▶ **Exercise aim**: There are pictures in the records below; leave them out and set down exactly the lines from the one holding "A breathtaking view" through the one holding "حقيبة مدرسية بعجلات".

**** Listed records ****

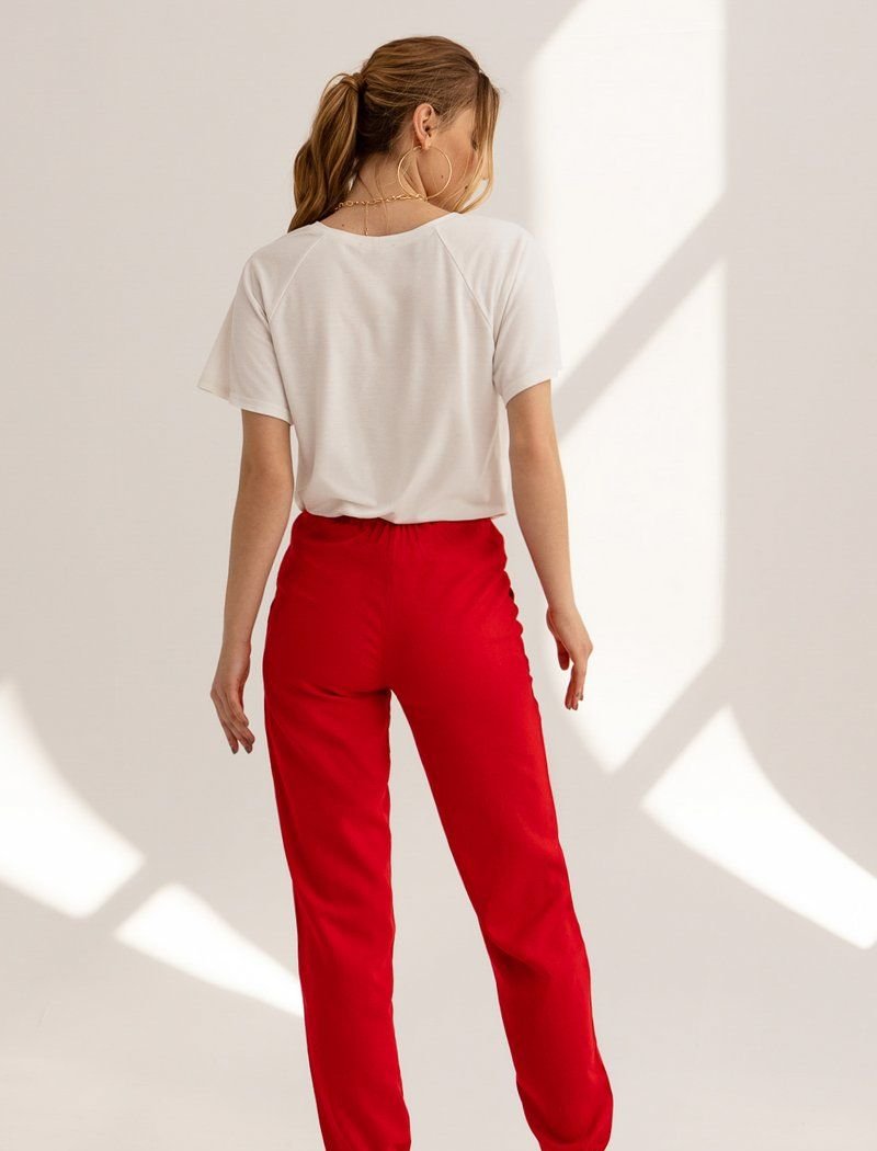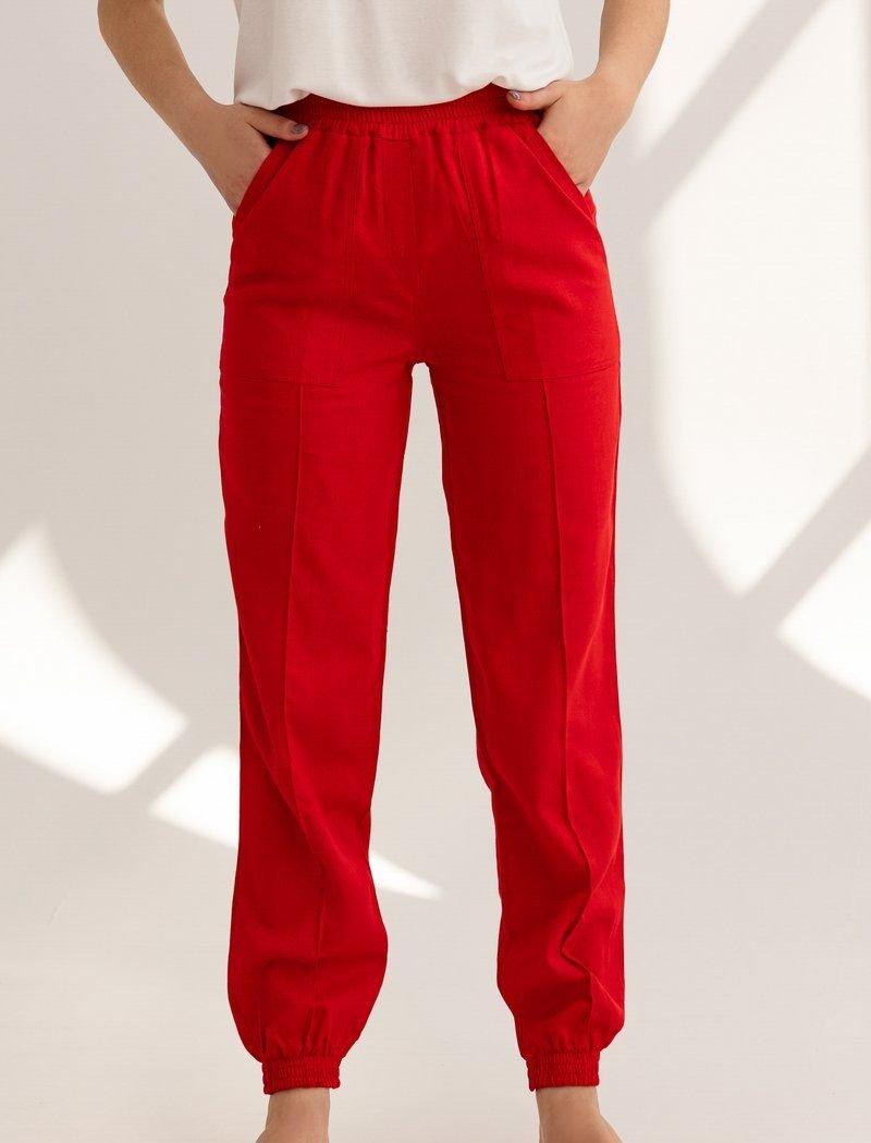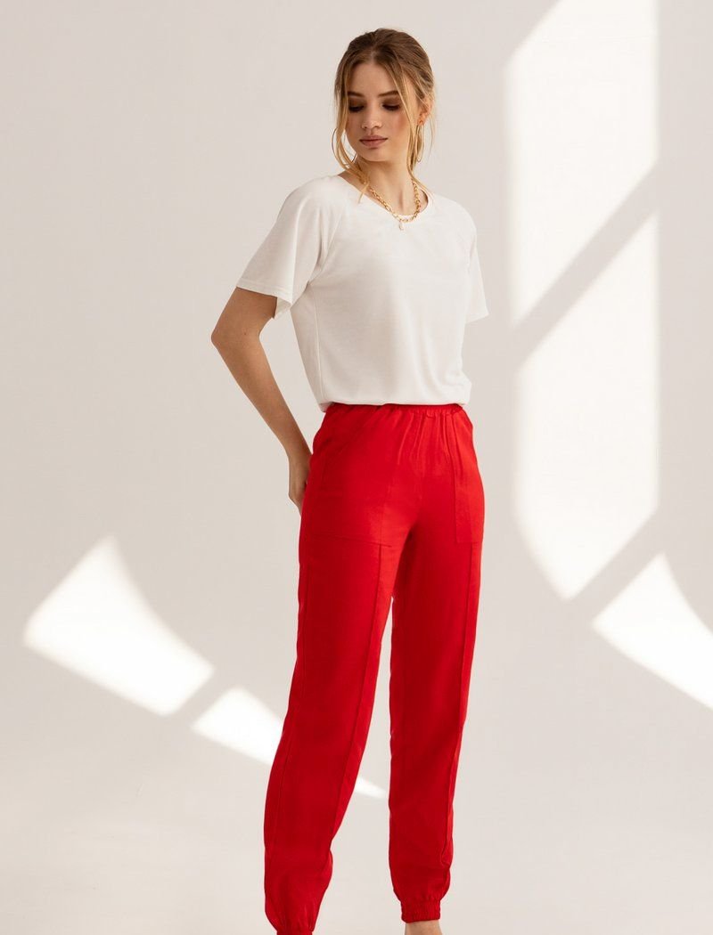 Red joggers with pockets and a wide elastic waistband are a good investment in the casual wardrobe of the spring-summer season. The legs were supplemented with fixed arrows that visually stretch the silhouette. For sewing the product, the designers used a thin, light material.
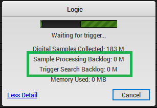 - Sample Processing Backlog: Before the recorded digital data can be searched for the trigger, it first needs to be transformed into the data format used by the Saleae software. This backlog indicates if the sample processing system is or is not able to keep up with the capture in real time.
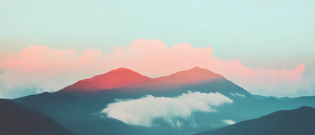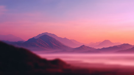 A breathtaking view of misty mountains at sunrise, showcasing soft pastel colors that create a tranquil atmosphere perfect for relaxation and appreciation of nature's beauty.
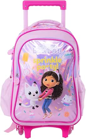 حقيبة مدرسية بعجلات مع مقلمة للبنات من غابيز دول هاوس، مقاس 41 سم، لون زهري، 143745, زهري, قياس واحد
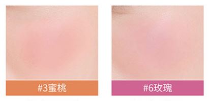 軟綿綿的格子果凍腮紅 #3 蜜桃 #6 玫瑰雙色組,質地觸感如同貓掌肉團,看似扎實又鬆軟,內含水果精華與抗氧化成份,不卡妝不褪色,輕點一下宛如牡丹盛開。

****
**** Listed records ****

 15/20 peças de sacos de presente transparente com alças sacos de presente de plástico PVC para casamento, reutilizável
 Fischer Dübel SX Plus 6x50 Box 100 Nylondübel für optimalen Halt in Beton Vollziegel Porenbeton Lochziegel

****
**** Listed records ****

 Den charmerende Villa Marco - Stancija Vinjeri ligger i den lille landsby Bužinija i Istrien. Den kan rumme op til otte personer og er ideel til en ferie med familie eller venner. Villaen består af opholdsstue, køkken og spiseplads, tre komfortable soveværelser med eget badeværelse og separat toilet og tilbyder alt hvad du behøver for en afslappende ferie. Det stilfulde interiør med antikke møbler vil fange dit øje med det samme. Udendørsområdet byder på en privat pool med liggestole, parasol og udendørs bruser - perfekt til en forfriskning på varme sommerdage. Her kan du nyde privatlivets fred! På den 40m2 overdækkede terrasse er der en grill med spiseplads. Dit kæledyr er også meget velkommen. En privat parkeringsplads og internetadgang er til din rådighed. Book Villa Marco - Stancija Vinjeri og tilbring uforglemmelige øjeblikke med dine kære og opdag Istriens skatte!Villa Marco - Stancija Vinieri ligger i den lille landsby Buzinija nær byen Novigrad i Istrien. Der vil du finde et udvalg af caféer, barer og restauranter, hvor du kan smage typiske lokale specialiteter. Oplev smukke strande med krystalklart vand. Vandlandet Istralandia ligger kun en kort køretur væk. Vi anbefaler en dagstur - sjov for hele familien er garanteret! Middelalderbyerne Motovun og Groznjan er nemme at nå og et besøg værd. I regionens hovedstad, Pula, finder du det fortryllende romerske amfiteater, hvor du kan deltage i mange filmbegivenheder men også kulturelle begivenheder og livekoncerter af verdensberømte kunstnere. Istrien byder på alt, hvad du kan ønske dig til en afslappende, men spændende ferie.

****

▶ **Worked solution**:
 A breathtaking view of misty mountains at sunrise, showcasing soft pastel colors that create a tranquil atmosphere perfect for relaxation and appreciation of nature's beauty.
 حقيبة مدرسية بعجلات مع مقلمة للبنات من غابيز دول هاوس، مقاس 41 سم، لون زهري، 143745, زهري, قياس واحد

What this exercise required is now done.